_Directions for this task_. Would you repeat exactly the part of the listing below that runs from the line containing "Delight your dog" down to the line containing "Begamganj (18 km)", inclusive, and nothing else?

* * * *

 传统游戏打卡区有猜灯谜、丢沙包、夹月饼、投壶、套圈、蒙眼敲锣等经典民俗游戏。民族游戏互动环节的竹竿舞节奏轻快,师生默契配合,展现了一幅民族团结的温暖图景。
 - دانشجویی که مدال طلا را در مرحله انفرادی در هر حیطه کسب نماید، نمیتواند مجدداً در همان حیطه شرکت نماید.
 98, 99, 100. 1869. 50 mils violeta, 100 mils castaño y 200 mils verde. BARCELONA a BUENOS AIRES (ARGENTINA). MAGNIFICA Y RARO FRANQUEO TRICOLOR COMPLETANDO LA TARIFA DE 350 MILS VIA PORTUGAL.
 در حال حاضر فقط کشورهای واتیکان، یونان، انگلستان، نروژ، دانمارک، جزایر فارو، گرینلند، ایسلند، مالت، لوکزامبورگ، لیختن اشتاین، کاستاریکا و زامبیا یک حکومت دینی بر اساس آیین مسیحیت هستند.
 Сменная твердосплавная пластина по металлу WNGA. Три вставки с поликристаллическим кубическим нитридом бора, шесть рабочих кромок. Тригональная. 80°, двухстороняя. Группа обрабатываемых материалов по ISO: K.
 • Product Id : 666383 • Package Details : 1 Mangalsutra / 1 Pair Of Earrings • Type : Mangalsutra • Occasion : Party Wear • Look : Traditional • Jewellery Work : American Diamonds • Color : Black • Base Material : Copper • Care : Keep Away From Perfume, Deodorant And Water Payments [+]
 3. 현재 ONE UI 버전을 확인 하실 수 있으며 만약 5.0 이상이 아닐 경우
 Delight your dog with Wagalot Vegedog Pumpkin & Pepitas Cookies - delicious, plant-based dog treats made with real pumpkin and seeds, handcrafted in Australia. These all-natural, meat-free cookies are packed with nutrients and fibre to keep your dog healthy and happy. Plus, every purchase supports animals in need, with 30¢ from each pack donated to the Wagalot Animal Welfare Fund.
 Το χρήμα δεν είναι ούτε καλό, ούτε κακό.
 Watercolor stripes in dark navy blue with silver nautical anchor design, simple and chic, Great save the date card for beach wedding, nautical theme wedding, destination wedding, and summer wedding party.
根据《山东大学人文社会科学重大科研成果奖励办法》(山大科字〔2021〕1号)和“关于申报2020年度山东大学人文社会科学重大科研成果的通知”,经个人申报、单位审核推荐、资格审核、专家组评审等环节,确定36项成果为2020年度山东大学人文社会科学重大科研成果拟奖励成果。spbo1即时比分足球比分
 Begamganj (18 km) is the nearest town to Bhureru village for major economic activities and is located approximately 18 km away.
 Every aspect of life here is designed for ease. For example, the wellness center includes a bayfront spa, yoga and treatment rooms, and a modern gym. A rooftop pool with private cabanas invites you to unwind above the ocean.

* * * *

_Solution to the exercise_.
 Delight your dog with Wagalot Vegedog Pumpkin & Pepitas Cookies - delicious, plant-based dog treats made with real pumpkin and seeds, handcrafted in Australia. These all-natural, meat-free cookies are packed with nutrients and fibre to keep your dog healthy and happy. Plus, every purchase supports animals in need, with 30¢ from each pack donated to the Wagalot Animal Welfare Fund.
 Το χρήμα δεν είναι ούτε καλό, ούτε κακό.
 Watercolor stripes in dark navy blue with silver nautical anchor design, simple and chic, Great save the date card for beach wedding, nautical theme wedding, destination wedding, and summer wedding party.
根据《山东大学人文社会科学重大科研成果奖励办法》(山大科字〔2021〕1号)和“关于申报2020年度山东大学人文社会科学重大科研成果的通知”,经个人申报、单位审核推荐、资格审核、专家组评审等环节,确定36项成果为2020年度山东大学人文社会科学重大科研成果拟奖励成果。spbo1即时比分足球比分
 Begamganj (18 km) is the nearest town to Bhureru village for major economic activities and is located approximately 18 km away.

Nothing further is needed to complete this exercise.